Spatial organization of chromatin in the cell nucleus
The layout of the genome within the nucleus is not random – specific regions of the genome have a tendency to be found in certain spaces. Specific regions of the chromatin are enriched at the nuclear membrane, while other regions are bound together by protein complexes.
The layout of this is not, however, well-characterized apart from the compaction of one of the two X-chromosomes in mammalian females into the Barr body.
This serves the role of permanently deactivating these genes, which prevents females from getting a ‘double dose’ relative to males.

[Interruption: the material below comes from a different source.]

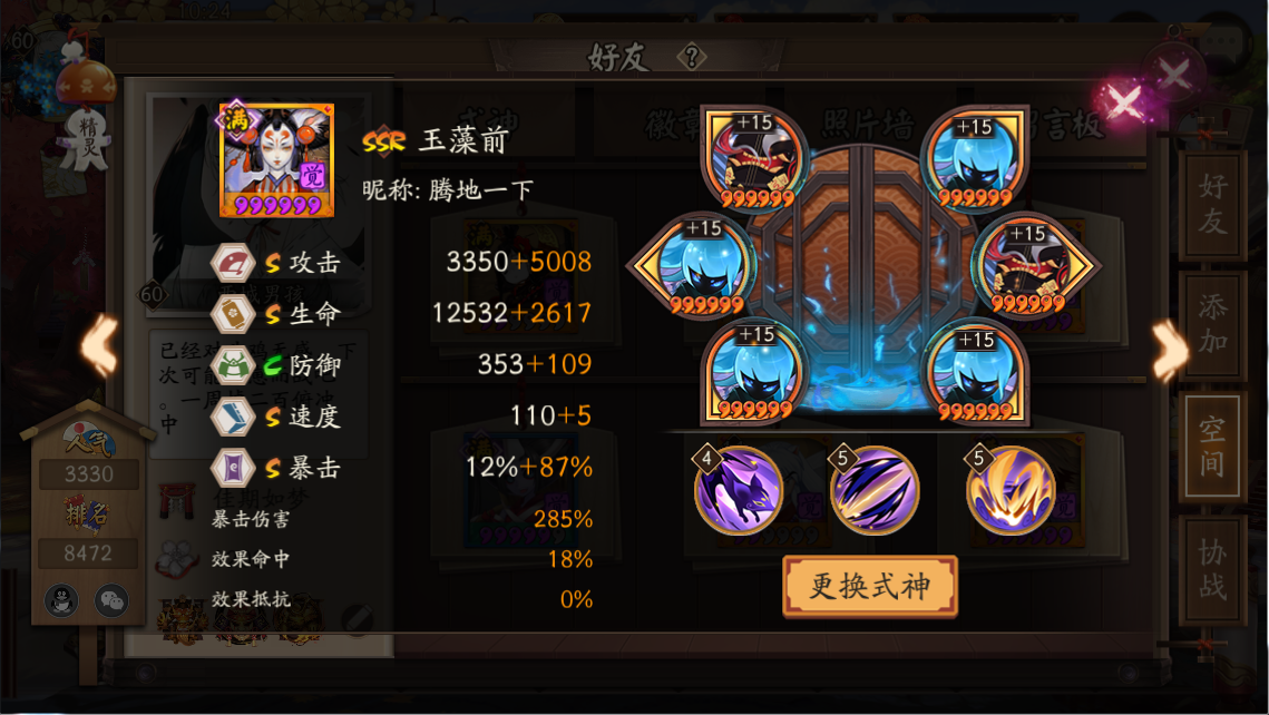 总结:阴阳师玉藻前是个辅助型的ssr式神。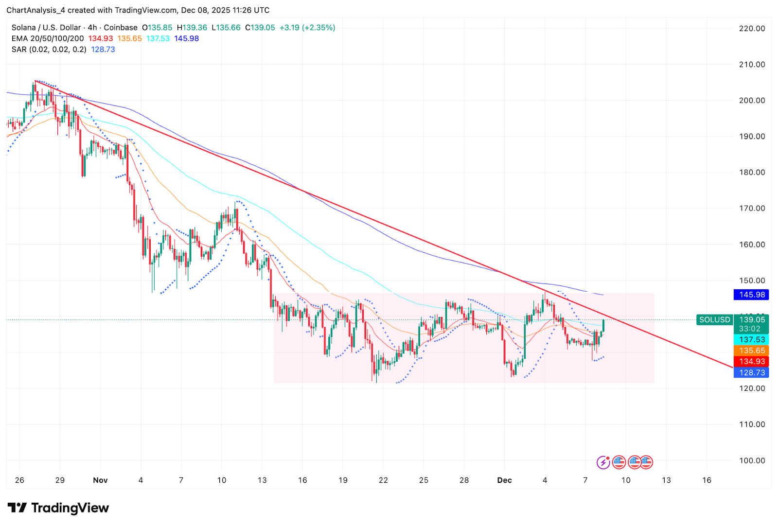 No gráfico de 4 horas, Solana está pressionando contra a tendência de queda próxima a $140, uma barreira que rejeitou todas as tentativas de alta desde outubro. O movimento atual representa o terceiro reteste dessa linha nas últimas duas semanas, mostrando interesse constante de compra, mas também oferta consistente em níveis mais altos.

The extent to which the inactive X is actually compacted is a matter of some controversy.
The Bursts of transcription
Fluctuations between open and closed chromatin may contribute to discontinuity of transcription or transcriptional bursting. Other factors are probably involved, such as the association and dissociation of transcription factor complexes with chromatin.
The phenomenon, as opposed to simple probabilistic models of transcription, can account for the high variability in gene expression occurring between cells in isogenic populations.
The metaphase structure of chromatin differs vastly from that of interphase. It is optimized for physical strength and manageability, forming the classic chromosome structure seen in karyotypes.
The structure of the condensed chromosome is thought to be loops of 30 nm fibre to a central scaffold of proteins. It is, however, not well characterized.
The physical strength of chromatin is vital for this stage of the division to prevent shear damage to the DNA as the daughter chromosomes are separated. To maximize strength the composition of the chromatin changes as it approaches the centromere, primarily through alternative histone H1 analogs.
It should also be noted that, during mitosis, while most of the chromatin is tightly compacted, there are small regions that are not as tightly compacted. These regions often correspond to promoter regions of genes that were active in that cell type prior to entry into cro-mitosis.
The lack of compaction of these regions is called bookmarking, which is an epigenetic mechanism believed to be important for transmitting to daughter cells the “memory” of which genes were active prior to entry into mitosis. This bookmarking mechanism is needed to help transmit this memory because transcription ceases during mitosis.